В свободном органуме проявляется вся двойственность, присущая принципу композиции. С одной стороны, свободный органум непосредственно связан с понятием вещи, или opus'a. О вещи, или об opus'e, можно говорить потому, что из общего континуума богослужебно-певческой системы, из общего пото­ка григорианской мелодической ткани выделяется одно песно­пение, которое в результате специальной контрапунктической обработки превращается в обособленное замкнутое целое. Это песнопение или группа песнопений, обработанных соответству­ющим образом, образуют собой как бы остров или группу ост­ровов, окруженных океаном монодической мелодики, органи­зованной системой Октоиха. Возникновение вещи, или opus'a, в условиях богослужебно-уставного потока есть совершенно но­вая ситуация, и эта вещь старается дезавуировать себя как си­туацию и как вещь, полностью опираясь и ссылаясь на авто­ритет первоисточника, из которого, собственно, и возникают эта вещь и эта ситуация, ибо каждый поворот, каждый звук данной вещи напрямую связан с определенным звуком перво источника и полностью обусловлен им. Таким образом, свобод­ный органум — это уже opus-музыка, это уже вещь. Но это та­кая вещь, которая сохраняет пуповинную связь с богослужеб­ным мелодическим континуумом, она еще не имеет основания в себе самой как в вещи.

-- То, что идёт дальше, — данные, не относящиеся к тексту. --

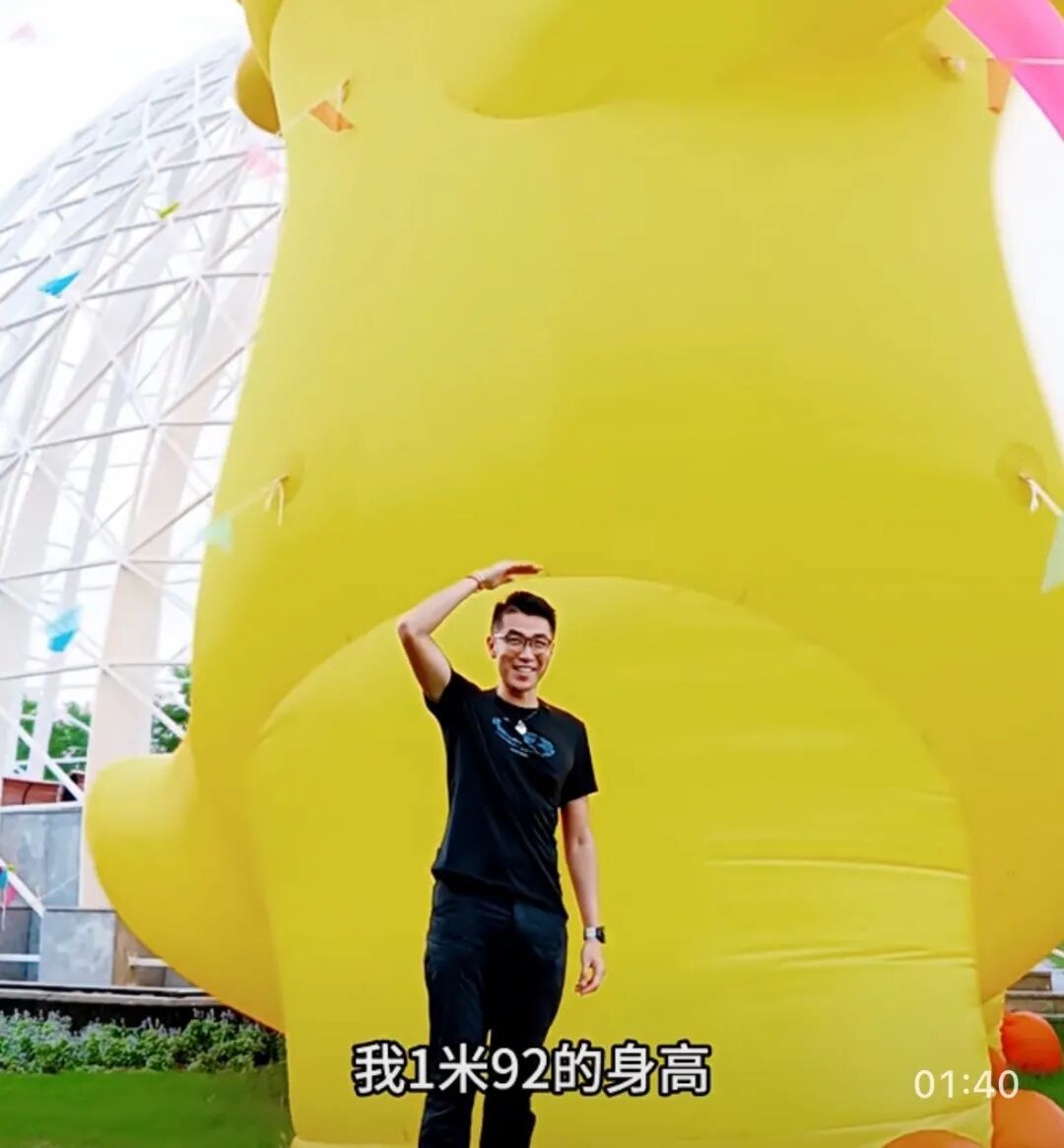 一期面积就超过5.8平方公里的浦江郊野公园,规模之大,令Fu大爷感到震撼。浦江郊野公园不仅大,而且非常“潮”。在公园的奇迹花园区,Fu大爷遇见国民IP萌宠“奶龙”。原来,这里正在举办以“奶龙的花花宇宙”为主题的2025上海奇迹花园国际艺术花展,走到人气最高的太阳花“奶龙”面前,Fu大爷忍不住想和它比比高。“我1米92的身高,只到它的腿啊,”比身高,Fu大爷自叹不如。

Следующим шагом на пути обособления принципа компо­зиции и превращения его в самодовлеющую реальность явля­ется мелизматический органум, возникший в конце XI в. и до­минировавший в музыкальной практике вплоть до середины XII в. В историю музыки этот период вошел под названием «эпохи Сен-Марсьяль». Эпоха Сен-Марсьяль получила свое название от южнофранцузского монастыря Сен-Марсьяль де Лимож, в манускриптах которого содержится около ста двухго­лосных композиций мелизматического типа. Композиции по­добного типа широко представлены в одном из манускриптов монастыря Сантьяго-де-Компостела, а также в ряде менее об­ширных и значительных манускриптов Англии и Италии. От­личительной особенностью этих композиций является освобож­дение vox organalis от жесткой привязанности к vox principalis. Это происходит за счет отступления от строгого соблюдения вы­страивания двухголосия по принципу «нота против ноты», в ре­зультате чего на один звук vox principalis может приходиться несколько звуков (до десяти и больше) vox organalis. Именно разрыв строгой привязанности vox organalis к vox principalis и составляет суть того поистине революционного шага, который отделяет органумы эпохи Сен-Марсьяль от свободного органу-ма середины XI в.

По поводу соотнесения органумов эпохи Сен-Марсьяль со свободным органумом Ю.Евдокимова пишет следующее: «Мож­но предположить <...>, что мелизматические органумы, сохра­нившиеся в манускриптах Лиможа и Сантьяго, были записаны позднее, чем в практику вошел новый стиль исполнения. Сама по себе мелизматика — это искусство сольное и импровизаци­онное. Поэтому, возможно, мелизматические распевы вводились в органум в процессе исполнения и в записи не фиксировались. Поздний непараллельный органум мог служить своего рода ин­тервальной схемой, на основании которой импровизировался vox organalis. Зафиксированный же мелизматический органум соот­ветствовал уже стадии стабилизации такого принципа исполне­ния. Если искусственно изъять из vox organalis мелизматику, превратить двухголосие в силлабическое, мы получим “класси­ческий” свободный органум с типичными для него вертикаль­ными сочетаниями и голосоведением»8.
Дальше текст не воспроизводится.